Deviance is a measure computed for generalized linear models that can help you decide between two competing models. It is somewhat analagous to residual sums of squares in linear regression.
suppressMessages(suppressWarnings(library(broom)))
suppressMessages(suppressWarnings(library(dplyr)))
suppressMessages(suppressWarnings(library(foreign)))
suppressMessages(suppressWarnings(library(ggplot2)))
suppressMessages(suppressWarnings(library(magrittr)))
Maximum likelihood equations for a generalized linear model
The maximum likelihood equations are pretty easy to compute.
\(L(y, \theta)=\prod_i f(y, \theta)\)
\(ln L(y, \theta)=\sum_i ln(f(y, \theta)\)
If we write the distribution in the canonical form
\(ln f(y, \theta)=\frac{\theta y+b(\theta)}{a(\phi)}+c(y, \phi)\)
which means that
\(ln L(y, \theta)=\sum_i \frac{\theta y}{a(\phi)} + \sum_i \frac{b(\theta)}{a{\phi}}+\sum_i c(y_i, \theta)\)
For a Poisson regression model,
\(ln L(y, \theta)=\sum_i \theta y_i + \sum_i e^\theta - \sum_i ln(y_i!)\)
The deviance is defined as
\(D=-2(ln L(y, y) - ln L(y, \hat \theta))\)

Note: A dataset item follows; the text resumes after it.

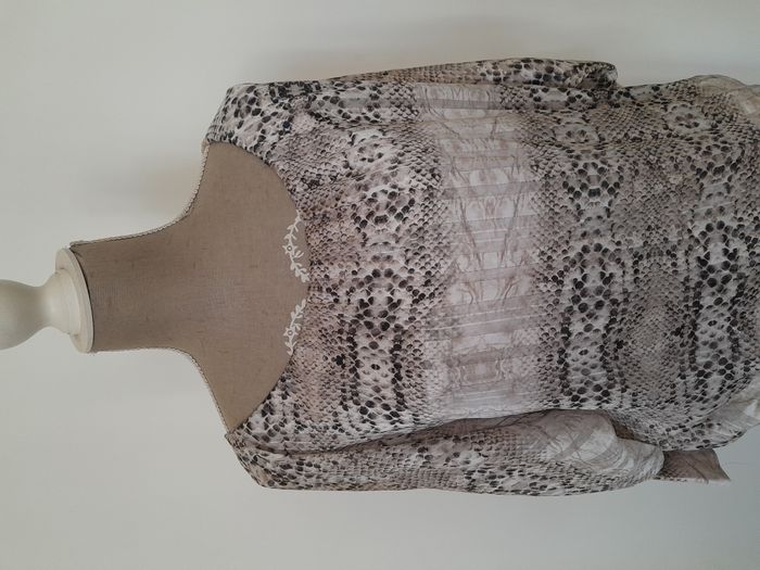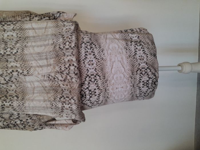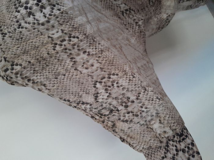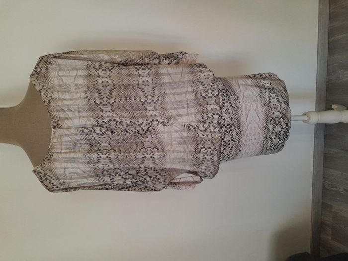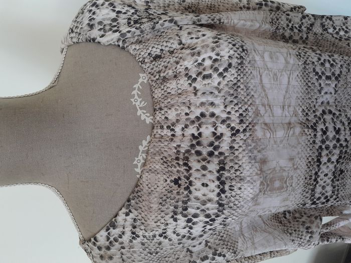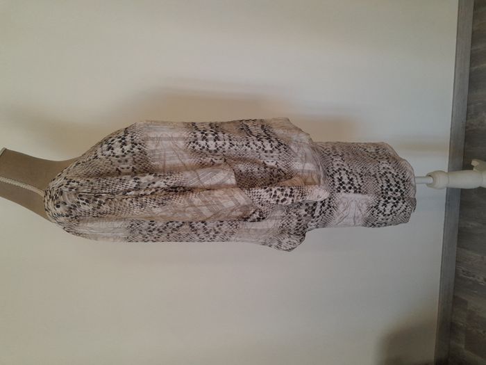 Robe, manche longue chauve souris, imprimé façon peau de serpent, évasé sur le haut, moulante sur le bas Longueur : 76cm Aiss / Aiss : 45cm Matière : 92 % Polyester, 8 % Elasthanne Marque : Made in France

which in the Poisson regression model equals
\(D=2(\sum_i y_i(y_i-\hat \theta)+e^{y_i}-e^{\hat \theta})\)
In terms of \(\hat \theta\), this converts to
\(D=2 \sum_i (y_i ln(y_i/ \hat\theta)-(y_i-\hat\lambda))\)
You want the deviance to as small as possible. So any term inside this sum that is big represents a data value that is contributing a lot to lack of fit.
The individual terms in this sum are all positive, so we have to account for whether the lack of fit is due to underprediction or overprediction. So the deviance residual is defines as
\(sign(y_i-\hat\theta)\sqrt{2(y_i ln(y_i / \hat\theta)- (y_i-\hat\theta))}\)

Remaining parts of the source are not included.